Task details: Could you retype exactly the lines below between the one holding "più energie, idee" and the one holding "Tuxedo Dog III", inclusive, leaving out any pictures?

Material to process:
[Start of section]
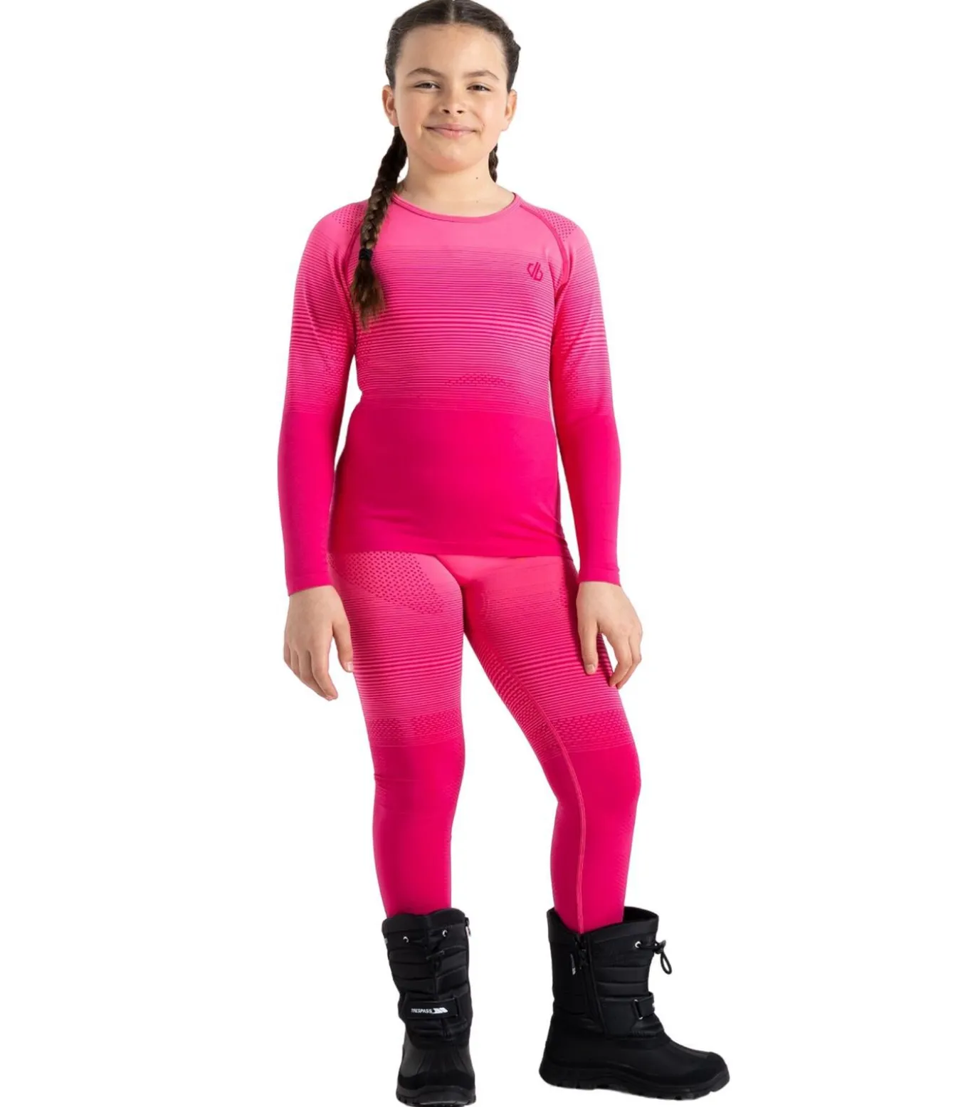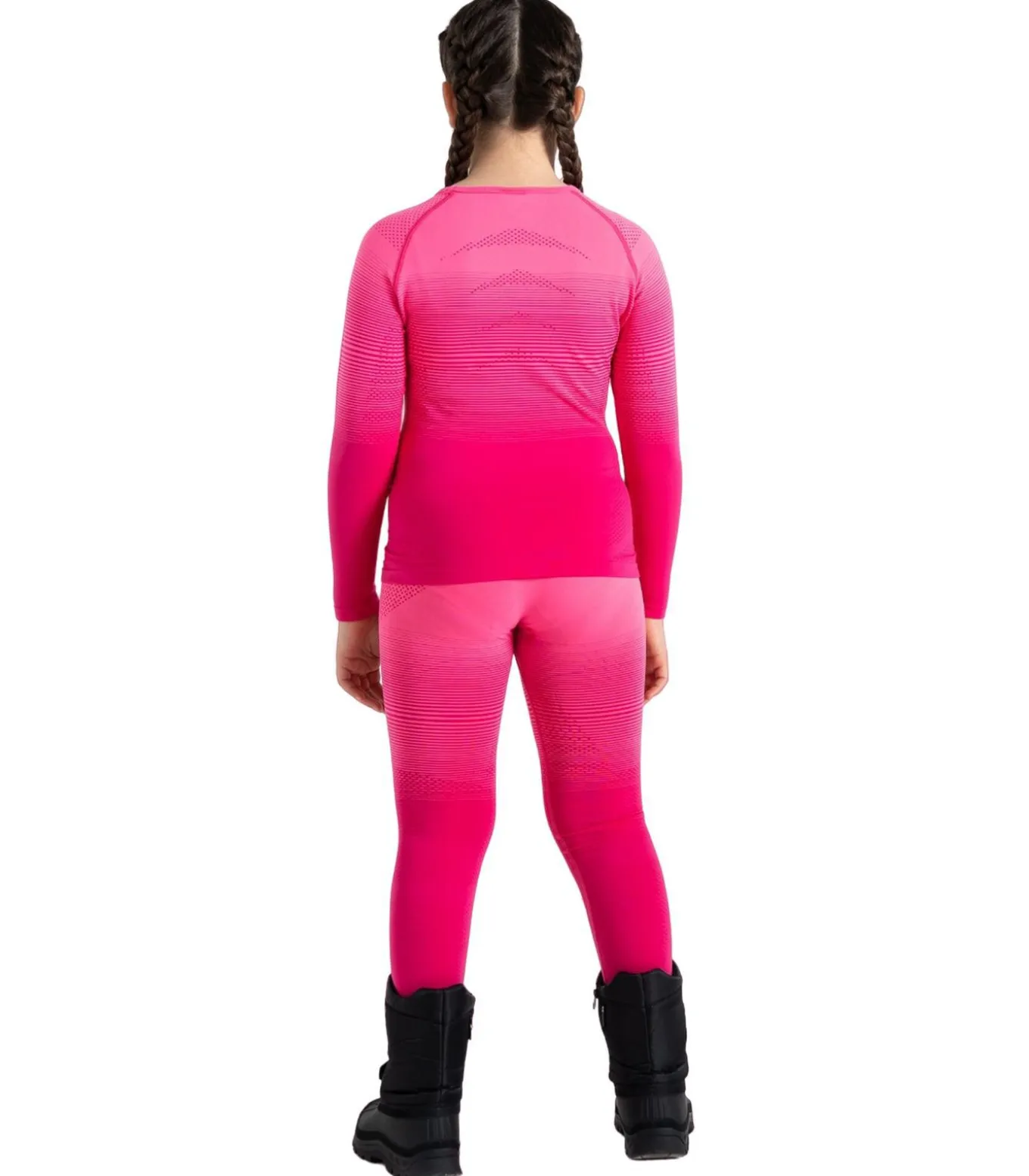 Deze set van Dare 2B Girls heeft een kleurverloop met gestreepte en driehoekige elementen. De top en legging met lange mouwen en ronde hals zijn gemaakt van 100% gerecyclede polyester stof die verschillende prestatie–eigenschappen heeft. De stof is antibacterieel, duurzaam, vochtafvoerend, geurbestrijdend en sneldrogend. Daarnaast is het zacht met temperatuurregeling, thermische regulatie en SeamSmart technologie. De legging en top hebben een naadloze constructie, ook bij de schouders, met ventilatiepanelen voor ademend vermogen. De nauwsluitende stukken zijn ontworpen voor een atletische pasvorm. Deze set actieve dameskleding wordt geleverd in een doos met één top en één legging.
[End of section]
[Start of section]
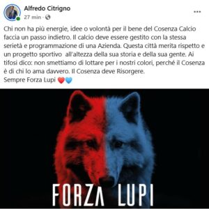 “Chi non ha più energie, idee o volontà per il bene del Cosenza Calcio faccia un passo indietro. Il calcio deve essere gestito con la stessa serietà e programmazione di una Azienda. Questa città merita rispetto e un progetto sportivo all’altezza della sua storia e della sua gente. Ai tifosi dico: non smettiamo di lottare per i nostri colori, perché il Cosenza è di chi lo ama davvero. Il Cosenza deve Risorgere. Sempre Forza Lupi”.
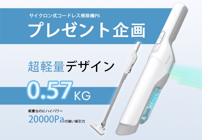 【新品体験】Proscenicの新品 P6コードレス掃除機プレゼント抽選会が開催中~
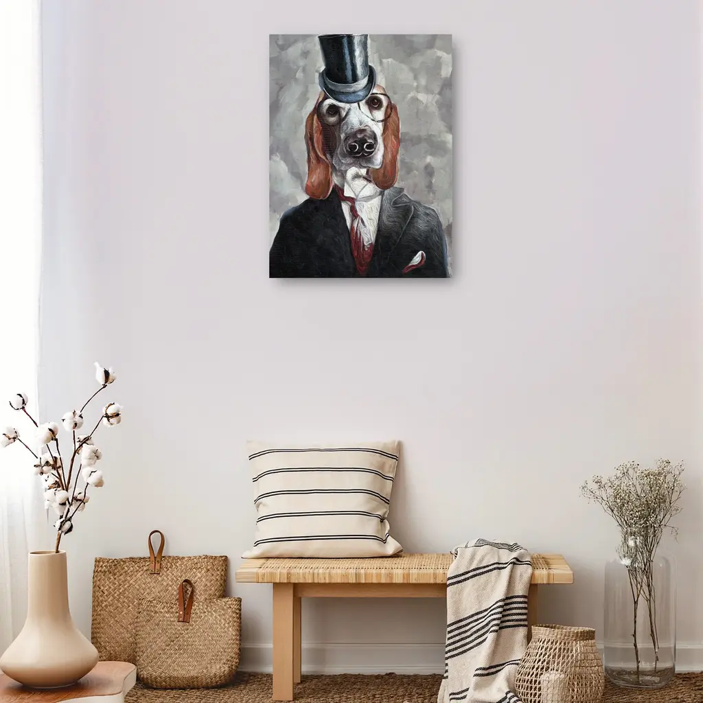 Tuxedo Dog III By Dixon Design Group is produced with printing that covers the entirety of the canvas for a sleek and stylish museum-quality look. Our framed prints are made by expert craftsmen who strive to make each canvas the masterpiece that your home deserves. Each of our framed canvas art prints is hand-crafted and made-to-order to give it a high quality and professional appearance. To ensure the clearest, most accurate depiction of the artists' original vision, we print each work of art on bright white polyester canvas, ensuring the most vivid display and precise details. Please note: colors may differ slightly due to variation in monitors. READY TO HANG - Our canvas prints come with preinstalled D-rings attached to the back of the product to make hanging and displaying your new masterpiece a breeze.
[End of section]
Answer to the problem:
 “Chi non ha più energie, idee o volontà per il bene del Cosenza Calcio faccia un passo indietro. Il calcio deve essere gestito con la stessa serietà e programmazione di una Azienda. Questa città merita rispetto e un progetto sportivo all’altezza della sua storia e della sua gente. Ai tifosi dico: non smettiamo di lottare per i nostri colori, perché il Cosenza è di chi lo ama davvero. Il Cosenza deve Risorgere. Sempre Forza Lupi”.
 【新品体験】Proscenicの新品 P6コードレス掃除機プレゼント抽選会が開催中~
 Tuxedo Dog III By Dixon Design Group is produced with printing that covers the entirety of the canvas for a sleek and stylish museum-quality look. Our framed prints are made by expert craftsmen who strive to make each canvas the masterpiece that your home deserves. Each of our framed canvas art prints is hand-crafted and made-to-order to give it a high quality and professional appearance. To ensure the clearest, most accurate depiction of the artists' original vision, we print each work of art on bright white polyester canvas, ensuring the most vivid display and precise details. Please note: colors may differ slightly due to variation in monitors. READY TO HANG - Our canvas prints come with preinstalled D-rings attached to the back of the product to make hanging and displaying your new masterpiece a breeze.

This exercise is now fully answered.